In late March 1729, Bach assumed the directorship of the Collegium, immediately renamed the “Bachische” Collegium Musicum. The transition was likely a smooth one, as Schott had previously collaborated with him and, from his earliest days in Leipzig, Bach had benefited from the pool of qualified Collegium musicians for performances at St. Nicholas’s and St. Thomas’s. Moreover, throughout the 1720s, Schott had served as Bach’s main substitute whenever the latter was out of town or otherwise prevented from performing his duties31 (a function taken over after Schott’s departure by Carl Gotthelf Gerlach), another sign of the close collaborative relationship between Bach and the music directors at the New Church. Not surprisingly, the newly arrived capellmeister and famous virtuoso Bach soon participated in performances by Schott’s Collegium, an organization that prided itself on being the training ground for Germany’s finest church, town, and court musicians. In one case, on March 12, 1727, Bach led forty musicians in his Abend-Music “Entfernet euch, ihr heitern Sterne,” BWV Anh. 9 (music lost), as part of the birthday celebration for King August II (Augustus the Strong), an event held in the king’s presence that also included three hundred torch-carrying students.32 The Collegium would surely have taken part in other student-sponsored performances as well, such as that of cantata BWV 193a (music lost) on the king’s name day, August 3, 1727, the Funeral Ode BWV 198 for the queen later that year, and congratulatory pieces for university professors, including BWV 36c and 205 in 1725 and BWV 207 in 1726. Heinrich Nicolaus Gerber’s report that in 1724, before he became a student of Bach’s, “he had heard much excellent church music and many a concert under Bach’s direction”33 suggests that the capellmeister, as the city’s most eminent musician, was invited to be the Collegium’s principal guest conductor and frequent soloist from the beginning of his Leipzig tenure.34
There is no question that the Collegium directorship amounted to a major commitment: Bach was now responsible, in addition to his regular church music obligations, for preparing and carrying out a weekly series of performances throughout the year. The schedule of these ordinaire Concerten, presented in a well-coordinated way by the city’s two Collegia, was made even more demanding by the additional commitments of the thrice-yearly trade fairs (Table 10.2). Lorenz Christoph Mizler’s 1736 Announcement of the Musical Concerts at Leipzig represents but one reference to what had become a crucial cell for the development of public concert life in Germany:
Both of the public musical Concerts or Assemblies that are held here weekly are still flourishing steadily. The one is conducted by Mr. Johann Sebastian Bach, Capellmeister to the Court of Weissenfels and music director at St.
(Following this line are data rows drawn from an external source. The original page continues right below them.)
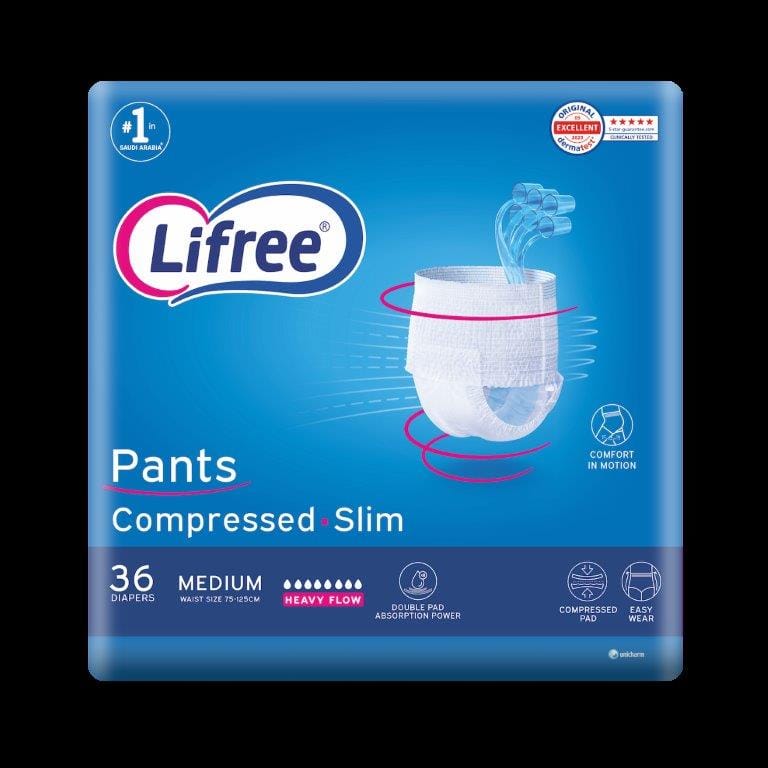 مزودة بحزام خصر مرن سهل التمدد وسهل الضبط حسب المقاس يضمن قدرًا كبيرًا جدا من الراحة. امتصاص فائق للسوائل ويمنع التسرب بشكل جيد ليسهل استخدامها لوقت اطول بدون تسريب ولراحة أكبر. تحتوي علي فتحات مرنة للقدمين لتناسب جميع حالات الوقوف أو الاستلقاء أو الجلوس لراحة أكثر.
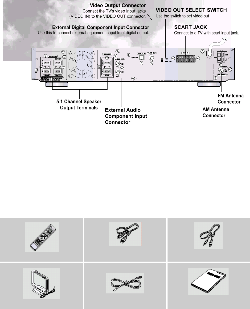 выбора типа выходного видеосигнала; 3- РАЗЪЕМ СКАРТ Соедините с телевизором, у которого имеется входной разъем
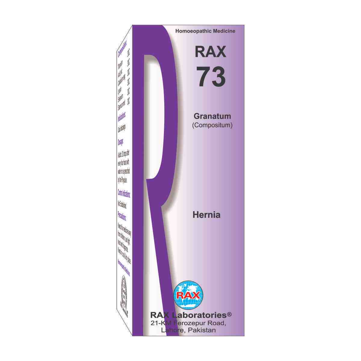 Indications: Hernia of Inguinal, thighs, umbilical, testicular, and ailments related to hernia. Restlessness and pain in inguinal region due to over lifting. Testicles hanged and painful, hernia also can be occour in children. Continuous use of Rax no. 73 repeals hernia of all types.
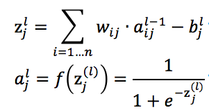 除了输入层的神经元,每个神经元都会有加权求和得到的输入值 z 和将 z 通过 Sigmoid 函数(也即是激活函数)非线性转化后的输出值 a,他们之间的计算公式如下
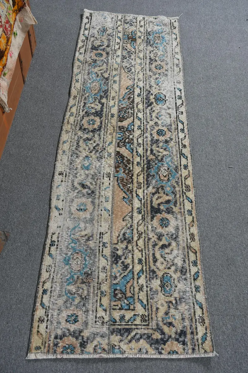 Elegant Beige & Blue Rug, 1,9x6,1 ft Bordered Design
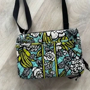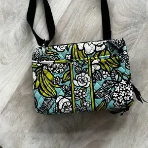 Stylish Vera Bradley laptop bag. Features vibrant floral pattern. Includes adjustable black strap. Perfect for carrying essentials.
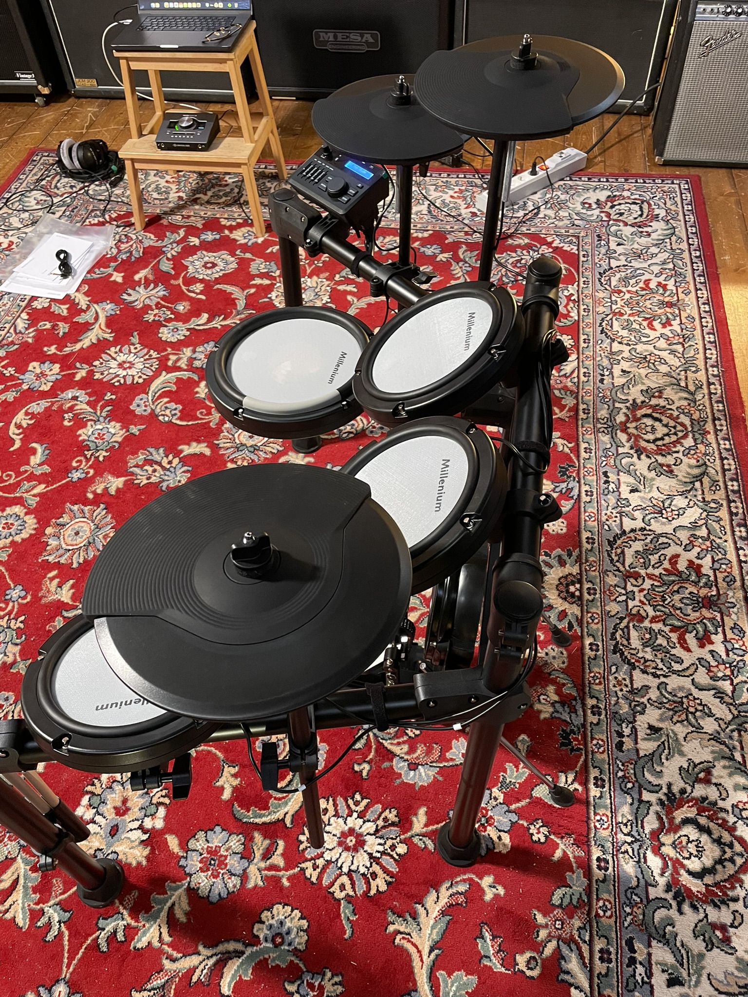 À 359 €, le Millenium MPS-350 offre un kit 8 pièces mesh, Bluetooth, 500 sons et rack complet. Idéal pour débuter, il souffre néanmoins d’un bruit de kick gênant et d’un module surchargé de réglages peu opérationnels.
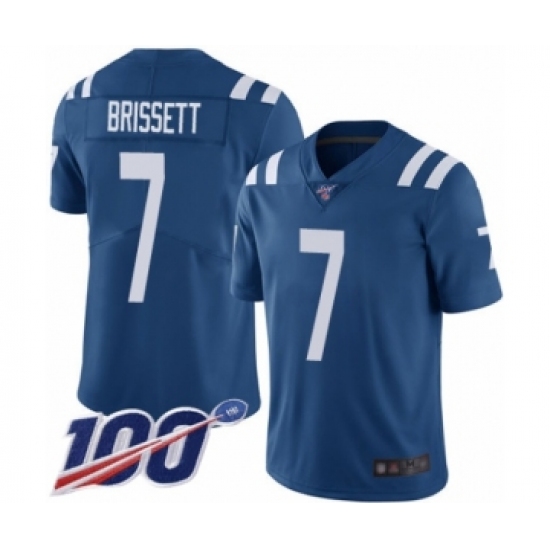 Men's Indianapolis Colts #7 Jacoby Brissett Royal Blue Team Color Vapor Untouchable Limited Player 100th Season Football Jersey
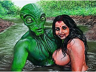 "Erotic Art Or Drawing Of Sexy Indian Desi Bhabhi in Love With an Extraterrestrial Alien"
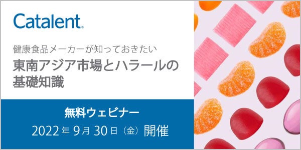 コンシューマー・ヘルス業界におけるソフトカプセル技術のイノベーターであるキャタレント・ジャパン株式会社(本社:東京都港区、代表取締役社長:松村 忠浩、以下「当社」)は、健康食品メーカー向けウェビナー『健康食品メーカーが知っておきたい東南アジア市場とハラールの基礎知識』を2022年9月30日(金)に開催することをお知らせいたします。
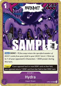 [Main] DON!! ?1 (You may return the specified number of DON!! cards from your field to your DON!! deck.): Give up to 1 of your opponent's Characters ?3000 power during this turn. [Trigger] If your opponent has 6 or more DON!! cards on their field, your opponent returns 1 DON!! card from their field to their DON!! deck.

Thomas’s and at St. Nicholas’s in this city…. The other is conducted by Mr. Johann Gottlieb Görner, music director at St. Paul’s and organist at St. Thomas’s….
The participants in these musical concerts are chiefly students here, and there are always good musicians among them, so that sometimes they become, as is known, famous virtuosos. Any musician is permitted to make himself publicly heard at these musical concerts, and most often, too, there are such listeners as know how to judge the qualities of an able musician.35
Complementing Mizler’s description, Johann Heinrich Zedler’s 1739 Grosses Universal Lexicon defines a Collegium Musicum as “a gathering of certain musical connoisseurs who, for the benefit of their own exercise in both vocal and instrumental music and under the guidance of a certain director, get together on particular days and in particular locations and perform musical pieces. Such Collegia are to be found in various places. In Leipzig, the Bachian Collegium Musicum is more famous than all others.”36
TABLE 10.2. Weekly Concert Series (Ordinaire Concerten) of the Leipzig Collegia Musica
Collegium musicum (I), directed by Johann Sebastian Bach
Friday
8–10 P.M. (winter)
at Zimmermann’s coffeehouse, Catharinenstrasse
Wednesday
4–6 P.M. (summer)
at Zimmermann’s coffee garden, Grimmischer Steinweg
Tuesday and Friday
8–10 P.M. (fair)a
at Zimmermann’s coffeehouse
Collegium musicum (II), directed by Johann Gottlieb Görner
Thursday
8–10 P.M.
at Richter’s coffeehouse (Schellhafer Hall), Clostergasse
Monday and Thursday
8–10 P.M. (fair)a
at Richter’s coffeehouse
During the summer of 1737, after more than eight years as Collegium director, Bach temporarily withdrew from its leadership and handed it over to his colleague at the New Church, Carl Gotthelf Gerlach, who had previously substituted for him on occasion.37 The reasons for this arrangement are unknown, but the demands of the weekly concert schedule may have interfered with other plans or simply been too heavy for the fifty-two-year-old Bach.38 Nevertheless, he remained closely associated with the Collegium and even conducted one of its extraordinaire Concerten on April 28, 1738, with a performance of the cantata “Willkommen! Ihr herrschenden Götter der Erden,” BWV Anh. 13, on a libretto provided by Johann Christoph Gottsched. It is particularly regrettable that the music for this work has not survived, because Lorenz Christoph Mizler refers to it in his refutation of Johann Adolph Scheibe’s attacks on Bach’s style when he writes that “anyone who heard the music that was performed by the students at the Easter Fair in Leipzig last year…, which was composed by Capellmeister Bach, must admit that it was written entirely in accordance with the latest taste, and was approved by everyone. So well does the Capellmeister know how to suit himself to his listeners.”39
Gerlach’s interim leadership ended on October 2, 1739, the Leipzig newspapers having announced the previous day that “the Royal-Polish and Electoral-Saxon Court Composer Bach has resumed the directorship of the Collegium Musicum.”40 Bach continued as Collegium director at least until the cafétier Zimmermann’s death in May 1741 and possibly for several more years; Gerlach took over permanently in 1746. By then, however, the situation had changed, for in 1743 sixteen Leipzig aristocrats and merchants established the “Grand Concerts” (Grosse Concert), a series that by 1750 drew audiences of two to three hundred.41 Gerlach himself was involved in this new organization, which apparently attracted the best personnel from both academic Collegia (whose activities ended in the 1750s). Considering his stature and commanding position in Leipzig, Bach was surely involved in the Grand Concerts, though more likely as a critical commentator than as a supporter or participant.42 As an ambitious father, he would have welcomed this venue for his two youngest sons.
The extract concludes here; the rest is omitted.